APM can’t see this because it instruments code, not DNS. Infrastructure monitoring can’t see this because the pods are healthy — they’re doing exactly what they were configured to do. The only tool that could catch this is something operating at the eBPF level, watching every packet, every DNS request, every connection attempt in real time. That’s Hubble. And because we’ve wired it into Splunk, we caught it in the same dashboard we use for everything else.”
Act 6 — Fix It Live
This part is satisfying because you can watch the charts recover in real time.
“The fix is straightforward — scale the crawlers back down and restore the normal crawl interval.”
Go back to the Hubble by Isovalent dashboard and let it sit for a minute.
“Watch the DNS Queries chart — you can see it coming back down almost immediately. Within a minute or two it’ll be back at baseline. Dropped flows will go to zero. Network flow volume will return to normal.
And if we went back to APM right now, we’d see latency normalizing and the error rate settling back to its expected 10% baseline.

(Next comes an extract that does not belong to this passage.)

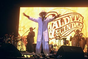 La Maldita Vecindad retorno con cambio de vestuario, pero con las mismas ganas con las que salieron al principio, y tocaron su material emblema completito para beneplácito de sus admiradores, todas las rolas una por una aunque no en orden, desde «Un Gran Circo» y «Mare»; pasando por el canto de protesta con «Un Poco de Sangre» y dejando los grandes hits hasta el final, obviamente «Pachuco» en el coro mas fuerte que se escucho en la carpa en toda la noche, para dar paso a un ambiente mas romántico con «Kumbala» ritmo mas suave y celulares arriba dando pequeñas luces de iluminación, todo para cerrar con el homenaje al divo de juarez, Juan Gabriel con el tema «Querida» poniendo punto final a una presentación memorable, en un show de la Maldita que pocas veces se vera, por lo que se estaba celebrando y por esa aura tan significativa que nos dejo «El Circo».

We can close the ticket. Root cause: crawler misconfiguration causing DNS saturation. Resolution: reverted crawler replica count and crawl interval via Helm. Time to resolution: about 15 minutes from when the ticket was opened.”
Remediation Complete
DNS query rate returns to baseline, dropped flows clear, and application health is restored — all visible live in the Hubble dashboard.
Act 7 — What This Actually Means
End by zooming out and making the value statement feel concrete.

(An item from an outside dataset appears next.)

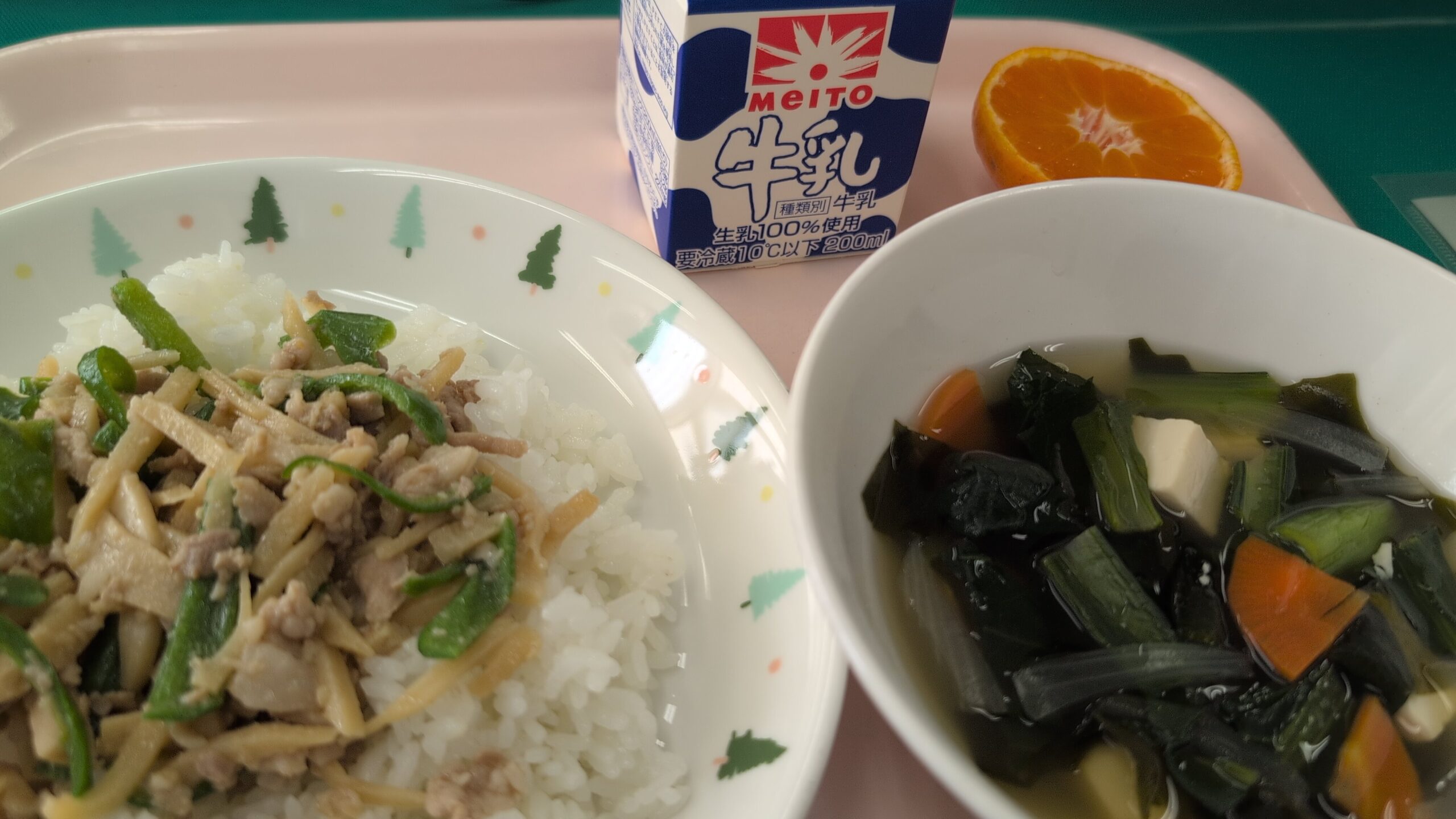 学校全体チンジャオロース、わかめスープ、菊花みかん、牛乳

“Let’s think about what just happened here. We had a real production-style problem — something breaking for end users — and we went through the standard playbook. APM said nothing was wrong. Infrastructure said nothing was wrong. And without Hubble, the next step probably would have been a war room call, people staring at logs, maybe a full restart of the namespace hoping it would go away.
Instead, we found it in under three minutes from the moment we opened the Hubble dashboard. Not because we’re smarter, but because we had visibility into the right layer.

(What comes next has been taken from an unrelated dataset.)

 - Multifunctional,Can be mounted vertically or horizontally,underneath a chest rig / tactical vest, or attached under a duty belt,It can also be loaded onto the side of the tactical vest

The reason this works is eBPF. Cilium’s Hubble component hooks into the Linux kernel and observes network events at the source — before they ever reach application code, before they show up in a pod log, before they become a trace in APM. And by shipping those metrics through the OpenTelemetry Collector into Splunk, they sit right alongside your APM data and your infrastructure data in the same platform. You’re not switching tools or context-switching between five different dashboards. You add a layer of visibility that wasn’t there before, and you keep it in the workflow your team already knows.
That’s the story. Network observability isn’t a niche need — it’s the gap that APM and infrastructure monitoring leave behind. Isovalent fills that gap, and Splunk is where you see it.”